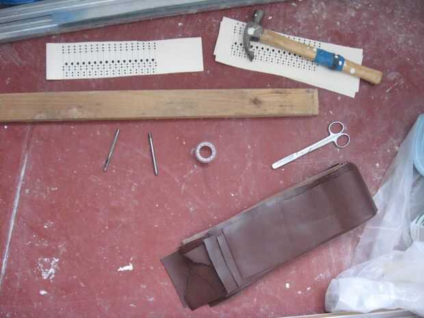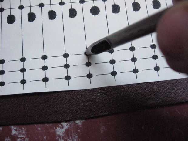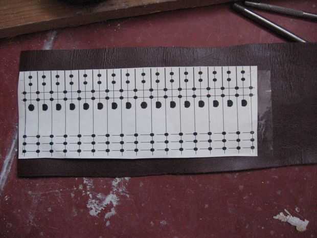 Pegar plantilla para correa de cuero y hacer agujeros.
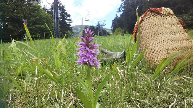 昨日天元台高原にタケノコ採りいきました、帰りはリフト使わず、ゲレンデをのんびり下山しました。先週咲いてなかった花が見れるか?そんな期待でゆっくり下山・・第三リフト乗り場付近で”テガタチドリ”か”ノビネチドリ”だったかも?花がほとんど差がなく葉の形で見分けるしかないのですが一本だけ咲いていてうれしくて、荷を下ろしてパチリははきにしてなく見なかったんでのびねちどりかもしれません
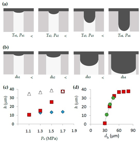 Figure 2a,b shows two different ways to achieve controlled intrusion of the heated polymer into cavities. The first is by controlling embossing conditions Te or Pe. An increase to either results in increases to νf within the cylindrical cavities (and corresponding increases to h of the final embossed features). The second approach to control intrusion is to change the dh of the microcavities (Figure 2b). The first method was used as a calibration step to determine an appropriate combination of Te and Pe for control over the polymer intrusion (Figure 2c). We note that if the Te is too high, full intrusion was achieved into the cavity for all applied Pe (traditional embossing), whereas if it was too low, no value of Pe could result in appreciable intrusion. In the second approach where cavity diameters in the range 30 μm ≤ dh ≤ 100 μm were used controlled h. We demonstrated the generalizability with two imprint templates with different hc values (hc1 = 38.5 μm, hc2 = 44 μm). The mask and embossed features from the two imprint templates are shown in the Supplementary Materials. The relationship between dh and h in PS (Te = 115 °C and Pe = 1.5 MPa) generated from both imprint templates, hown in Figure 2d, is represented by the empirical relation:
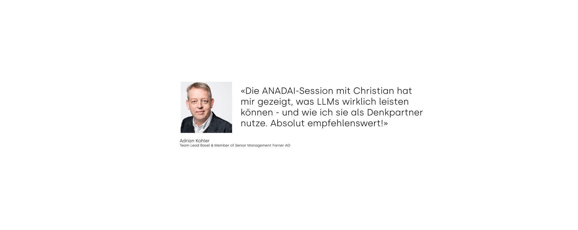 ANADAI ermöglicht dir, KI als echten Denkpartner zu nutzen, jenseits von «schreib mir einen Blogpost», «fass mir diesen Report zusammen» und «mach eine Recherche zur Firma XY».
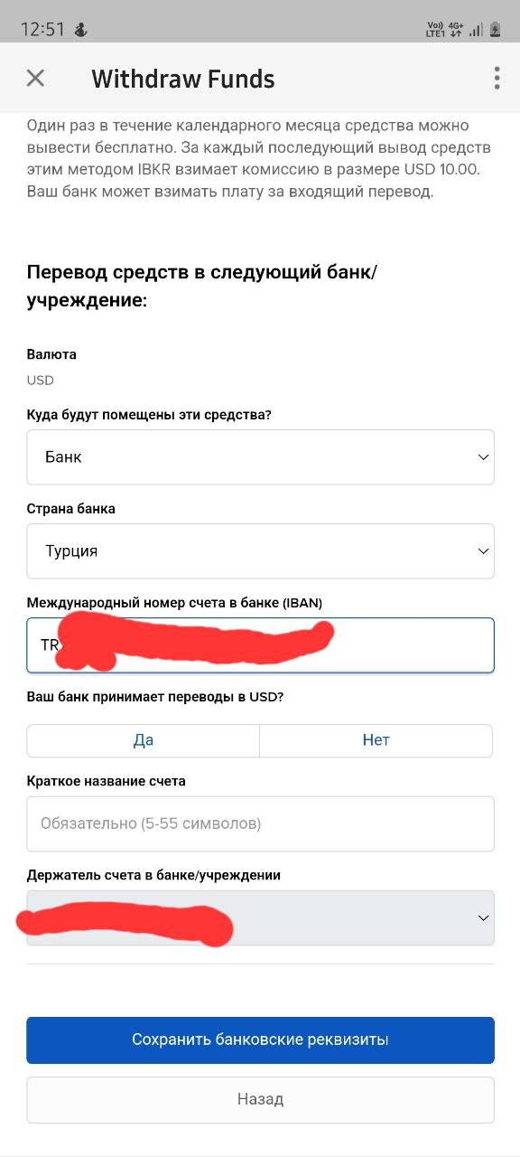 После того как указали, куда, в какую страну, и свой личный долларовый IBAN, IBKR автоматически подтянет данные вашего Ziraat Bank, а именно:
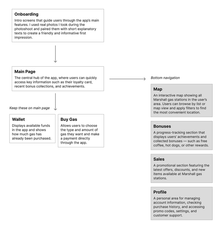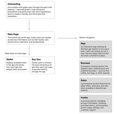 I conducted on-site photoshoots at Marshall gas stations, capturing both real locations and people to reflect the brand’s authentic, friendly atmosphere. These visuals were later used in the app onboarding screens to create an engaging and trustworthy first impression.
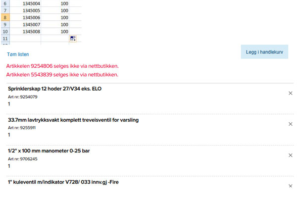 Vi har gjort det enkelt for deg å bestille sprinkler-pakker! Se hvordan du går frem, slik at du har alt du trenger ved installasjon! Bestill enkelt ved å kopiere produktlinjene direkte fra Excel og inn i nettbutikkens handlekurv med få klikk!
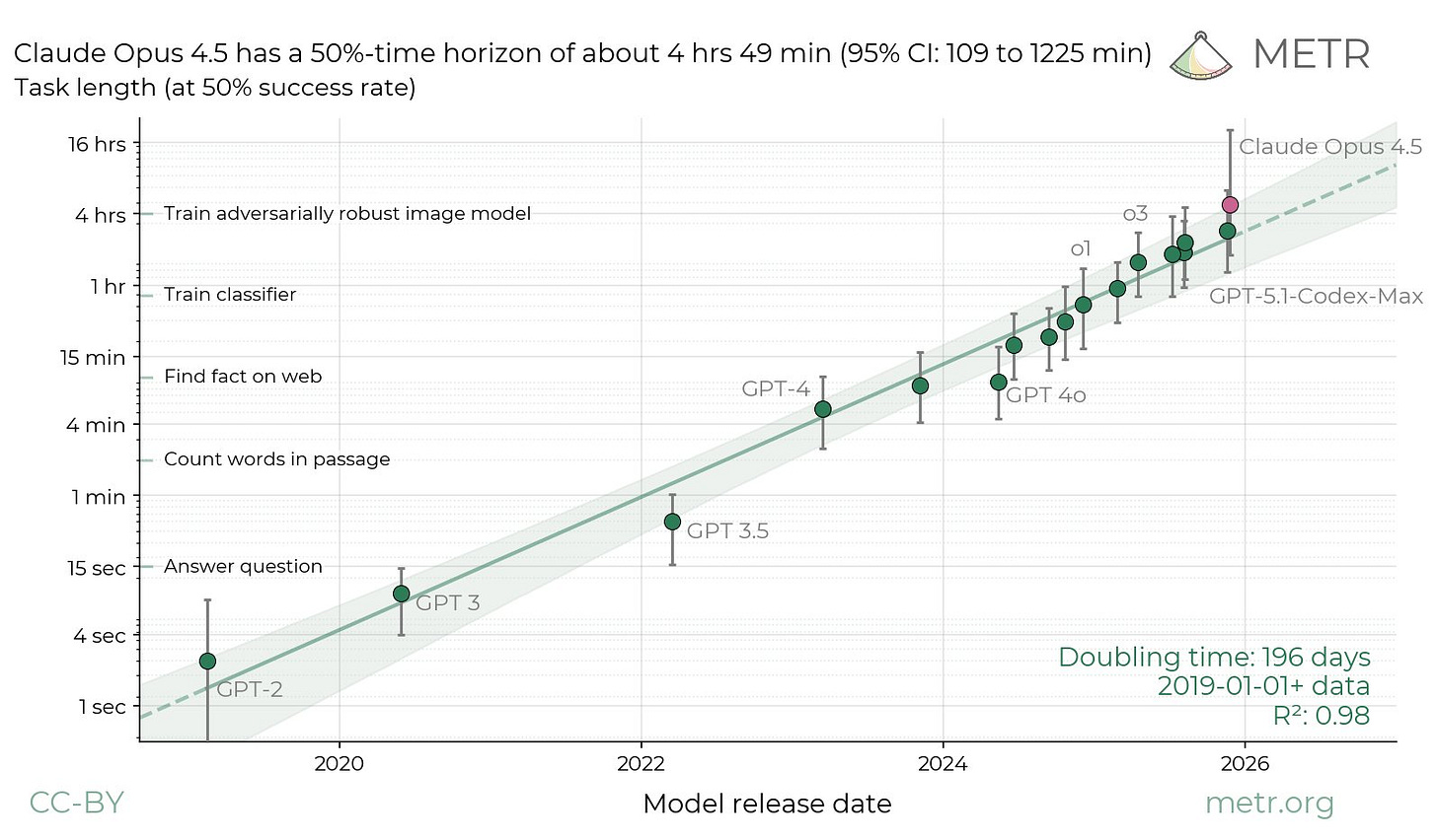 There is a lot happening here, so allow me to explain. The “time horizon metric” mentioned in the title measures something intuitive: if a human software engineer takes X hours to complete a task, and an AI agent succeeds at that task 50% of the time, then X is the model’s 50%-time horizon. It’s basically asking “how long of a task can this thing reliably handle?” Claude 3.7 Sonnet hit 59 minutes back in February. Claude Opus 4.5 just registered at 4 hours 49 minutes—nearly a 5x jump. METR’s broader analysis shows this metric has been doubling roughly every 7 months since GPT-2 in 2019. It is close to becoming a “Moore’s Law for AI agents”, and if you take the exponential seriously, the math gets spicy fast. We’d hit week-long autonomous task completion within 2-3 years, month-long projects by decade’s end.
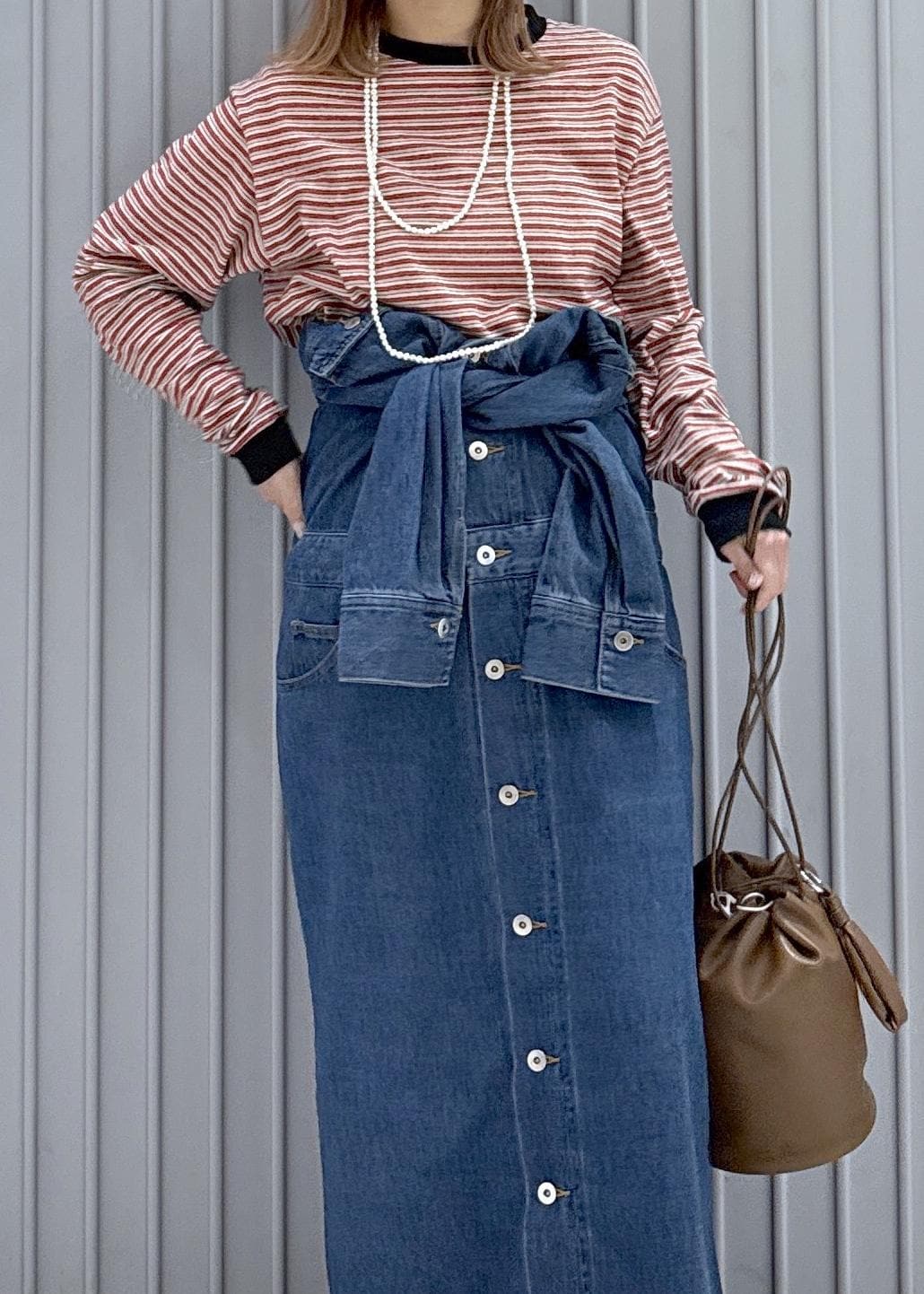 リアルバイしたデニムワンピースを腰巻きアレンジで着てみました!

########################################

Copy only what lies between the line with "I conducted on-site" and the line with "Vi har gjort", those two lines included, exactly as given above; pictures stay out.

**TASK RESPONSE**
 I conducted on-site photoshoots at Marshall gas stations, capturing both real locations and people to reflect the brand’s authentic, friendly atmosphere. These visuals were later used in the app onboarding screens to create an engaging and trustworthy first impression.
 Vi har gjort det enkelt for deg å bestille sprinkler-pakker! Se hvordan du går frem, slik at du har alt du trenger ved installasjon! Bestill enkelt ved å kopiere produktlinjene direkte fra Excel og inn i nettbutikkens handlekurv med få klikk!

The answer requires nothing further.